§1 Cellen leven samen
Organisatieniveaus
Moleculen zijn de kleinste deeltjes van een stof met nog alle eigenschappen van die stof. Cellen zijn
de basiseenheden van het lichaam, elk levend wezen of organisme bestaat uit een of meer cellen.
Moleculen, cellen en organismen zijn van een verschillend organisatieniveau. Organisatieniveaus zijn
gerangschikt van klein (molecuul) naar groot (systeem Aarde). Organisatieniveaus geven een indeling
van biologische structuren, waarbij elk volgend niveau complexer is en voortbouwt op de onderdelen
uit de onderliggende niveaus. Zo bestaat een orgaan uit weefsels en bestaat een cel uit allerlei
organellen, onderdelen van een cel, die allemaal een deel van de bouw en de functie van de cel voor
hun rekening nemen.
Van molecuul naar systeem Aarde
De verschillende organisatieniveaus:
Molecuul: bestaat uit twee of meer atomen.

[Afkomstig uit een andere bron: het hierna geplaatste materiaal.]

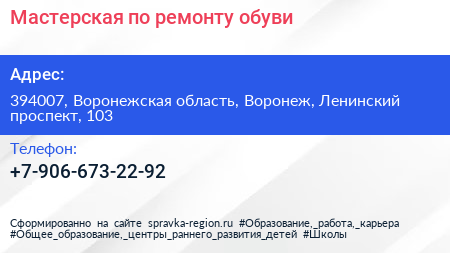 Мастерская по ремонту обуви по адресу 394007, Воронежская область, Воронеж, Ленинский проспект, 103 в дальнейшем Организация, размещена в следующих категориях:

Het zijn de kleinste deeltjes van een stof met
nog alle eigenschappen van die stof.
Organel: een onderdeel van de cel met een bepaalde taak.
Cel: de functionele basiseenheid van elk organisme. Een cel bevat cytoplasma en erfelijk
materiaal en is omringd door een membraan.
Weefsel: een groep cellen met dezelfde bouw en functie.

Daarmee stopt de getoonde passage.